The failure to embrace the idea of divine impassibility becomes especially disastrous for Christians when it causes them to think of the crucifixion as an event in the genesis of God's personality, a trial through which he passed as our fellow sufferer so that he could achieve in himself the perfection of self-abandoning love. At its most vulgar, this way of thinking implies that God took our suffering into himself as something that changed or enlarged his knowledge of us, and it implies also that on the cross he had to learn the extent of our suffering: now, perhaps, he understands what we must endure. This is simply nonsense. It is a logical absurdity simultaneously to assert that God is the source of all that is and that God can "become" something more or other than he previously was. To suggest that God becomes the God he is by suffering passions, according to encounters with other tragic realities (even if he creates those realities), is to trade in mythology, to preach a finite God, one who is no doubt a "supreme being" but not the source of all being.
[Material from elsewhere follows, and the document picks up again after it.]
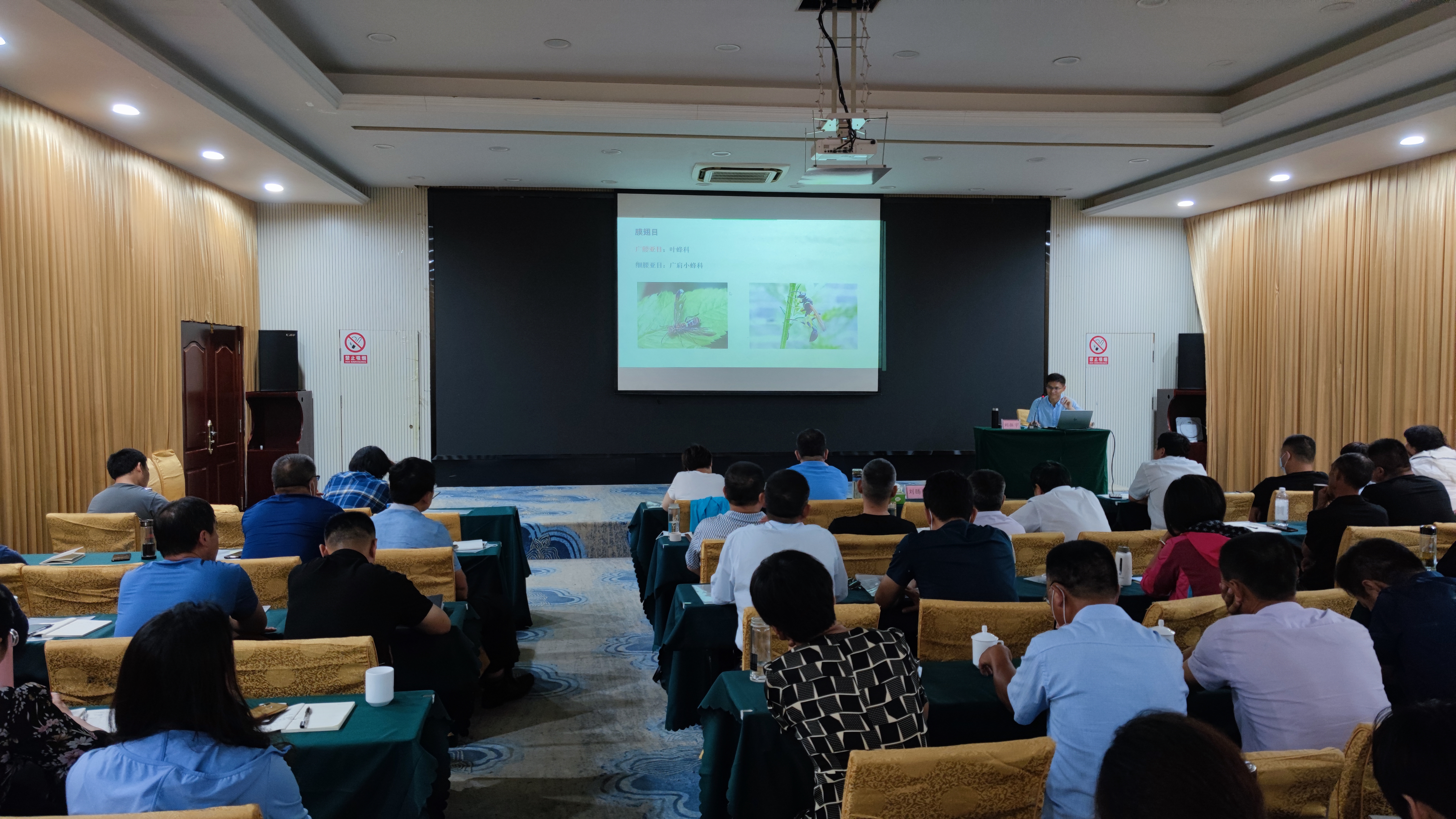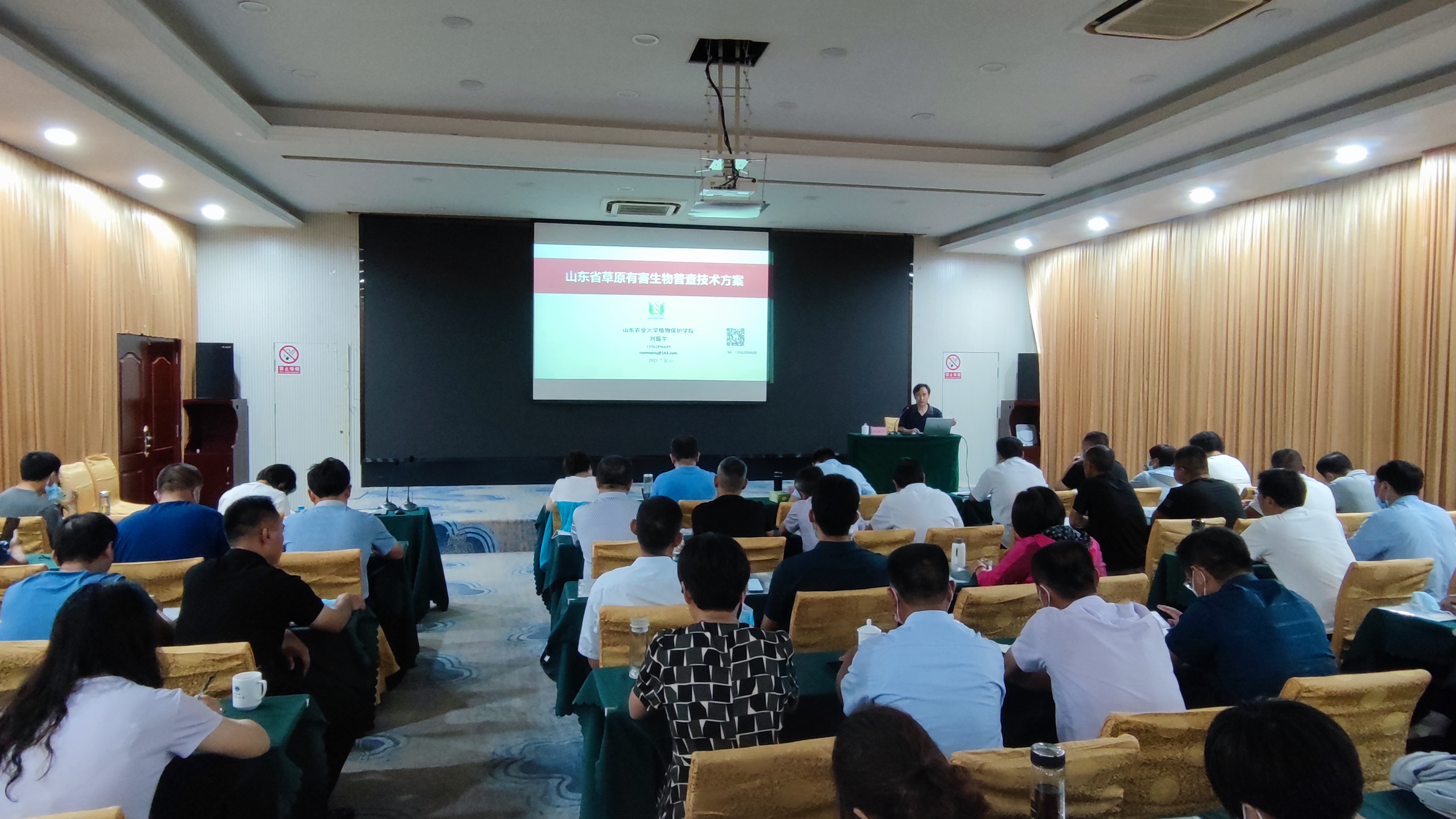 培训班上,山东农业大学植物保护学院教授、博士生导师刘振宇讲授了山东省草原有害生物普查方案和技术,围绕普查目的和要求,普查范围、对象和内容,草原病害调查方法,标本制作和影像拍摄,内业整理以及成果与材料报送等方面进行了重点讲解。特别对草原植物病害踏查技术、病害诊断、病害标本采集制作、保存技术、草原病害影像采集技术进行了详细讲解。山东师范大学生命科学学院副教授、硕士生导师刘腾腾重点讲解了草原有害生物普查系统APP操作流程、昆虫标本采集及制作和长林小蠹普查技术。主要介绍了辅助点采集、线路踏查、标准地调查以及采集标本等具体操作规范,并对系统里面的草原类型、虫害种类分类标准、草原虫害普查方法、昆虫标本制作以及标准地设置等具体细节作了详细讲解。

And if God's love were in any sense shaped by sin, suffering, and death, then sin, suffering, and death would always be in some sense features of who he is. This not only means that evil would be a distinct reality over against God, and God's love something inherently deficient and reactive; it also means that evil would be somehow a part of God, and that goodness would require evil to be good. Such a God could not be love, even if in some sense he should prove to be "loving." Nor would he be the [source of] good as such, nor being as such. He, like us, would be a synthesis of death and life.